If we consider ZMZ motors, the situation here is not much different. For the 405 engine, 0.4 bar at idle and 4 at high speeds (2 or more) are considered normal. Previously, all the necessary data could be obtained thanks to the arrow indicator, but now, after the release of GAZelle Business, they are displayed by the on-board computer on the dashboard, and with an accuracy of hundredths.

In the Chevrolet Lacetti 1.4 engine, the minimum DM level is 0.6 bar at idle, while at 3,000–3,5000 the oil pressure on a hot engine rises to 3 bar.

Today, the most productive pumps are equipped with VAZ models, namely the Lada Priora and VAZ 2110 with a 16-valve engine. Therefore, at idle the DM does not rise above 1 bar, and at 5,000 the needle reaches 6–6.5.

In the case of the Renault Logan, everything is different: for engines with an 8-valve timing belt, the normal value is 0.3 bar at idle. Whereas for 16-valve engines this level is twice as high.
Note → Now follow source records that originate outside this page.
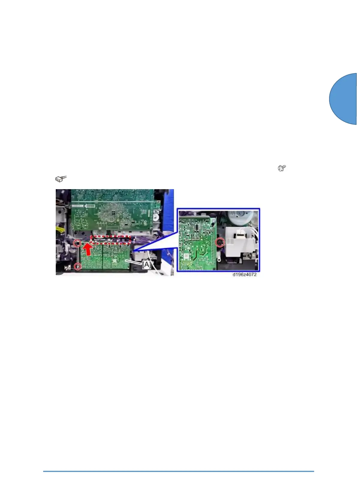 remove the high-voltage power supply (Transfer) (PCB23) [A] with the bracket. (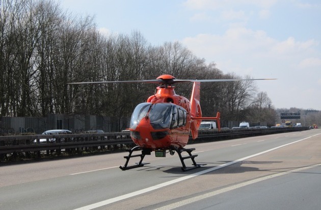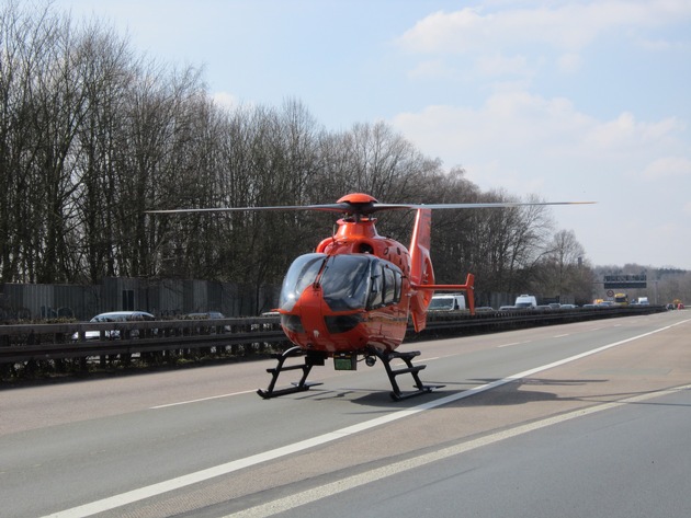 FW-GE: Verkehrsunfall mit drei Verletzten auf der Bundesautobahn A 42 Rettungshubschrauber landet auf gesperrten Autobahn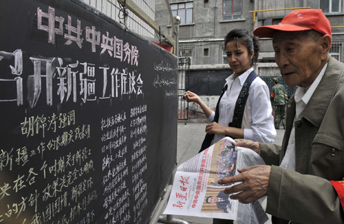 5月21日,居民吴子英和社区干部在出板报。乌鲁木齐市新华南路街道办事处五桥社区居民吴子英说:“中央新疆工作座谈会的召开,是一件振奋人心的消息,我要通过这一块小板报,把座谈会的精神传达给社区居民,让各族居民全面深入地了解新疆未来的发展蓝图。”(完)
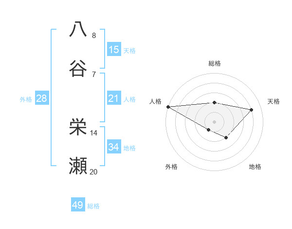 八谷 栄瀬さんの総格は49画の2点!

An increase or decrease in DM relative to factory standards has a negative impact on engine performance. An insufficient indicator provokes oil starvation, which increases friction between the elements of the system, and this leads to their rapid wear and may even cause the engine to jam. Too high a level breaks the tightness of the connections, which causes leaks of seals and gaskets, and squeezing out of the seals.

Third-party liquids in the pan

As for the increased oil level, it is not necessary to check the lubrication system, since the reason for the lamp to operate is the ingress of technical fluids into the pan. And here it is necessary to establish where they are leaking from and eliminate the damage.
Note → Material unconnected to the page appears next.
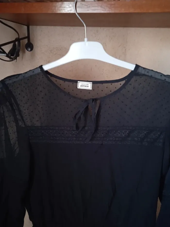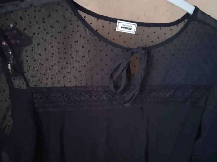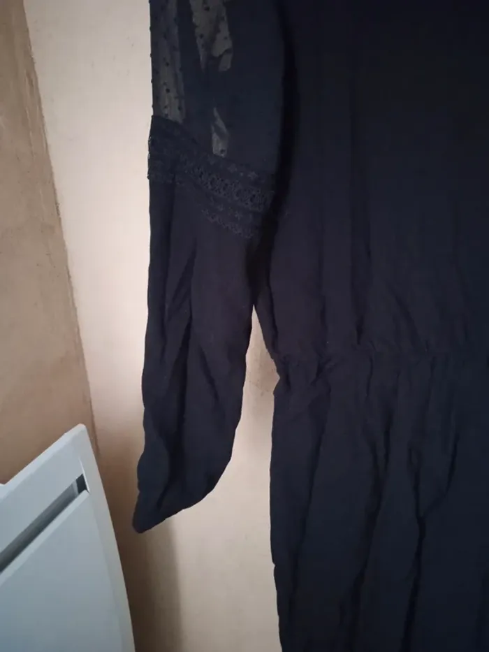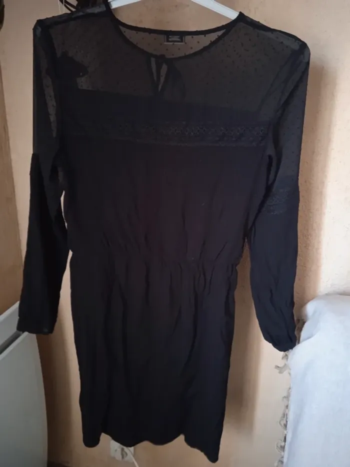 petite robe noire manches longues avec dentelle haut légèrement transparent à pois taille marquée par un élastique taille 36-38 S/M longueur genoux retro vintage Gothic soirée fête chic Marque PIMKIE femme fille ado portée mais reste en très bon état

If instead of oil an emulsion of asphalt or another color is found, this is an antifreeze leak. Coolant usually ends up in the sump due to a damaged head gasket, which will have to be replaced to fix the problem.

But if there is no emulsion, but the level is higher than normal, and the oil itself is very liquid, fuel penetrates into the pan. The main reasons for this phenomenon are:

  • Occurrence of rings;
  • Misfires;
  • CPG wear.

As a result of such malfunctions, the fuel supplied to the combustion chambers does not burn, but flows down the cylinder walls into the sump.